(Supplied material Opens)

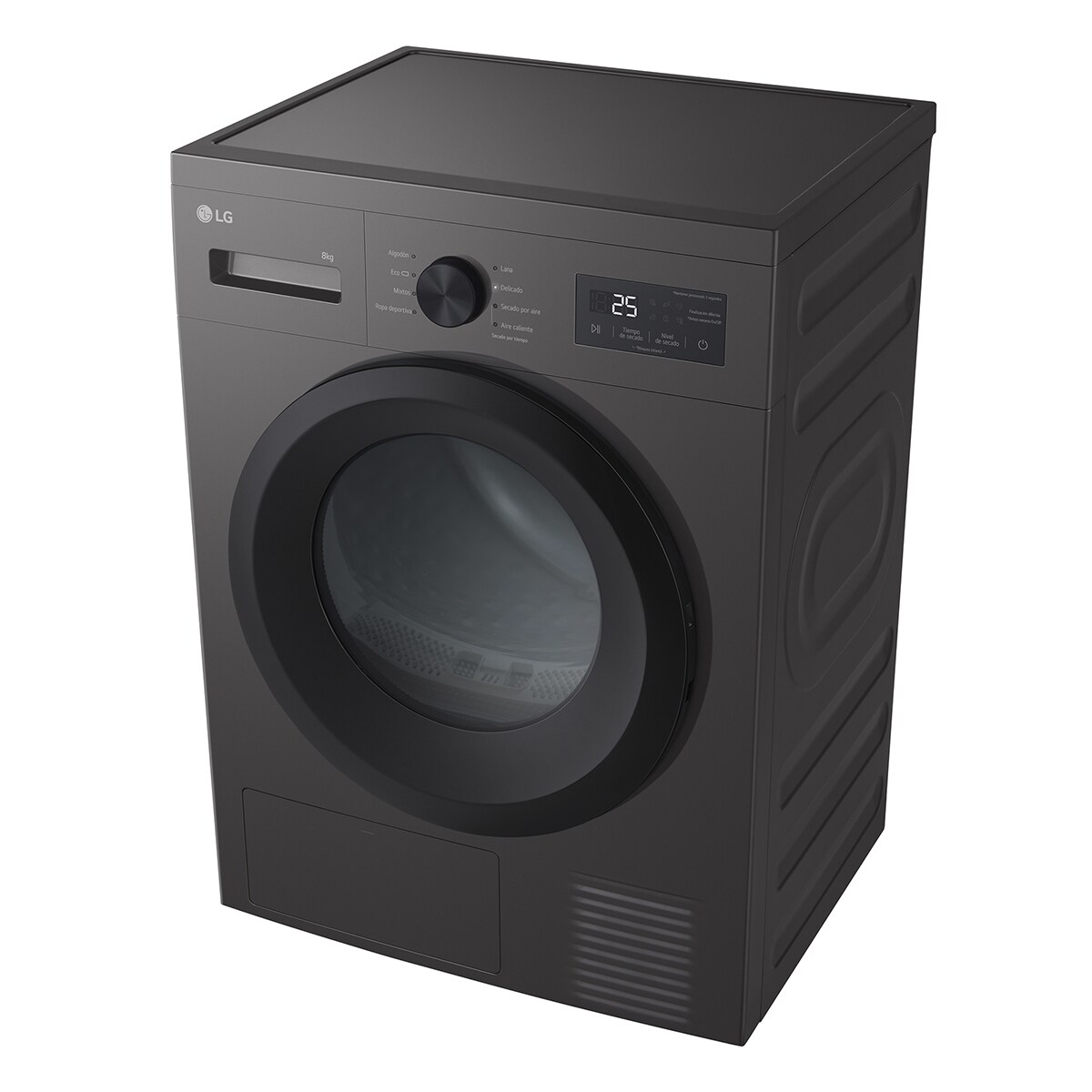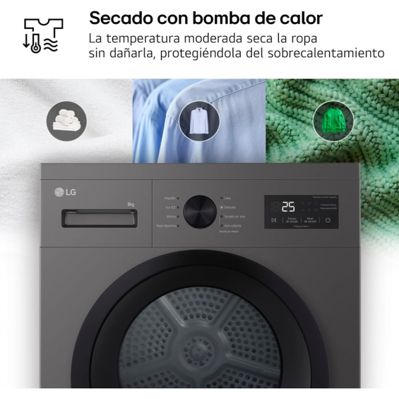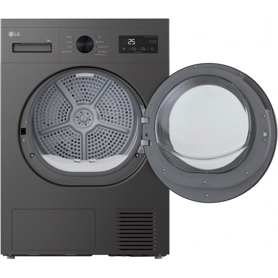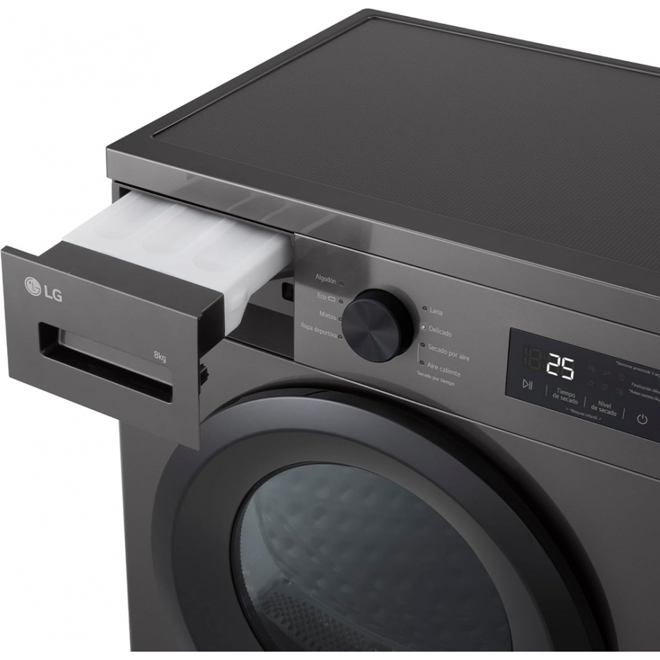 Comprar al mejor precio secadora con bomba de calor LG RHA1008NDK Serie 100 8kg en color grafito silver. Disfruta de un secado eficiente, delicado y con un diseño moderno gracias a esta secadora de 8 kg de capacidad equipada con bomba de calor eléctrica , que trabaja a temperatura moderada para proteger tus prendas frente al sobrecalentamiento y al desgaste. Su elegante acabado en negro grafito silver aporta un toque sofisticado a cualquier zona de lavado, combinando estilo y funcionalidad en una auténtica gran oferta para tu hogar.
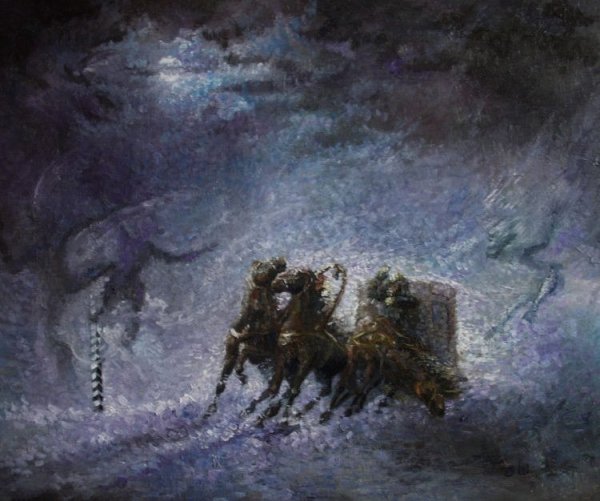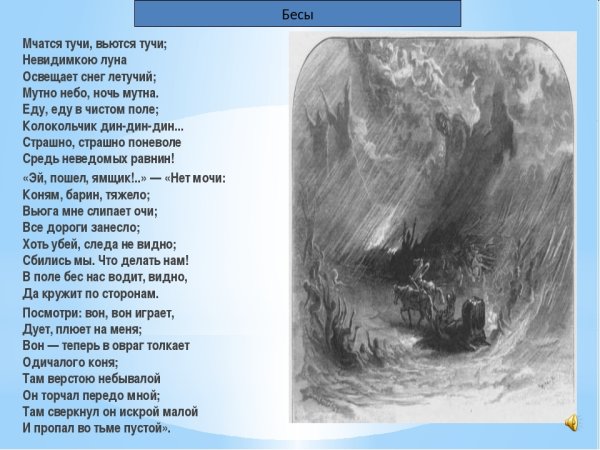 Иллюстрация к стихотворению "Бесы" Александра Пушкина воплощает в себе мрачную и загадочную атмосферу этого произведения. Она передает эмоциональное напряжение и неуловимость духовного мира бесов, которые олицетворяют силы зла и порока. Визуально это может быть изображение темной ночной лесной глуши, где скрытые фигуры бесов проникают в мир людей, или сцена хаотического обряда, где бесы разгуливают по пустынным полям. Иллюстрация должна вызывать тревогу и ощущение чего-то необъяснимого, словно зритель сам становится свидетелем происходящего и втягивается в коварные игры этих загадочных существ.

(Supplied material Closes)
(Supplied material Opens)

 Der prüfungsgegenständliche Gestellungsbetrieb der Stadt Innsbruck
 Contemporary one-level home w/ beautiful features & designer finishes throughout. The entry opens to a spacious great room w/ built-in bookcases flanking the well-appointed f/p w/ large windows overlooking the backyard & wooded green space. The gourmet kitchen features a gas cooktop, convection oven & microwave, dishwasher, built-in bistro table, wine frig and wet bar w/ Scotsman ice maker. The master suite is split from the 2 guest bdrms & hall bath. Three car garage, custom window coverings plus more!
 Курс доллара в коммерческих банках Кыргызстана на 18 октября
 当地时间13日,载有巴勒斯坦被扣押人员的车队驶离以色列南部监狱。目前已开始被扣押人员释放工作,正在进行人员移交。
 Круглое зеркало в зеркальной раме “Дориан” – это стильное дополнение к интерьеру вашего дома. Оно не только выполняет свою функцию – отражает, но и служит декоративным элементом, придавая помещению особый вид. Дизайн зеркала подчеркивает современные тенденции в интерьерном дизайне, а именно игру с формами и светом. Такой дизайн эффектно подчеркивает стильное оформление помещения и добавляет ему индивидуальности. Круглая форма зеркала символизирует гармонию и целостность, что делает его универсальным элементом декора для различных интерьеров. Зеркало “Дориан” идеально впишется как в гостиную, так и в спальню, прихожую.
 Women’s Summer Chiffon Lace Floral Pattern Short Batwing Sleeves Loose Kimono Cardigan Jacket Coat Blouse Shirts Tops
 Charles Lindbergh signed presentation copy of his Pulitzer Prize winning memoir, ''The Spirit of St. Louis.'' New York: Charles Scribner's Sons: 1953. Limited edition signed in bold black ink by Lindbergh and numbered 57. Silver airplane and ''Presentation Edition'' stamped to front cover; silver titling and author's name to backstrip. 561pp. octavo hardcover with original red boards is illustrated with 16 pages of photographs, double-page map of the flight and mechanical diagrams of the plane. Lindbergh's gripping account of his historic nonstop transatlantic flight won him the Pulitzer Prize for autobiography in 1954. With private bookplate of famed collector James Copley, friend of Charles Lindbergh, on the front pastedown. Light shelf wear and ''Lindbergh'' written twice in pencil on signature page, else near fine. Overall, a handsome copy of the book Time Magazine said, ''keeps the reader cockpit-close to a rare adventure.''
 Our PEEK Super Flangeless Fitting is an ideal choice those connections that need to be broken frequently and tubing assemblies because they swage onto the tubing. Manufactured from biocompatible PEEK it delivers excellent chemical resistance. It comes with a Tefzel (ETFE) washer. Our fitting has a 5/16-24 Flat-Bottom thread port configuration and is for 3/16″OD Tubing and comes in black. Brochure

(Supplied material Closes)
(Supplied material Opens)

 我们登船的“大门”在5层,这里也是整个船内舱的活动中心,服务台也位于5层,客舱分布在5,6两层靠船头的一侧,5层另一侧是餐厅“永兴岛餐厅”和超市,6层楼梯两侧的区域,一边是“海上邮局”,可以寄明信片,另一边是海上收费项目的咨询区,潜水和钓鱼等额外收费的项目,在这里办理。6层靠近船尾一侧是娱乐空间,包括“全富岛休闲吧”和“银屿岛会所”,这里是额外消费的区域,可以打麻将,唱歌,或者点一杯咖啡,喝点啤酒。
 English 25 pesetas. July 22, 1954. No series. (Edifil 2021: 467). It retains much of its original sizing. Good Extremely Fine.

(Supplied material Closes)

Assigned task:
Among the records above, only the lines between the line holding "Курс доллара в" and the line holding "当地时间13日,载有巴勒斯坦", inclusive, are to be output, exactly as written.

Finished task:
 Курс доллара в коммерческих банках Кыргызстана на 18 октября
 当地时间13日,载有巴勒斯坦被扣押人员的车队驶离以色列南部监狱。目前已开始被扣押人员释放工作,正在进行人员移交。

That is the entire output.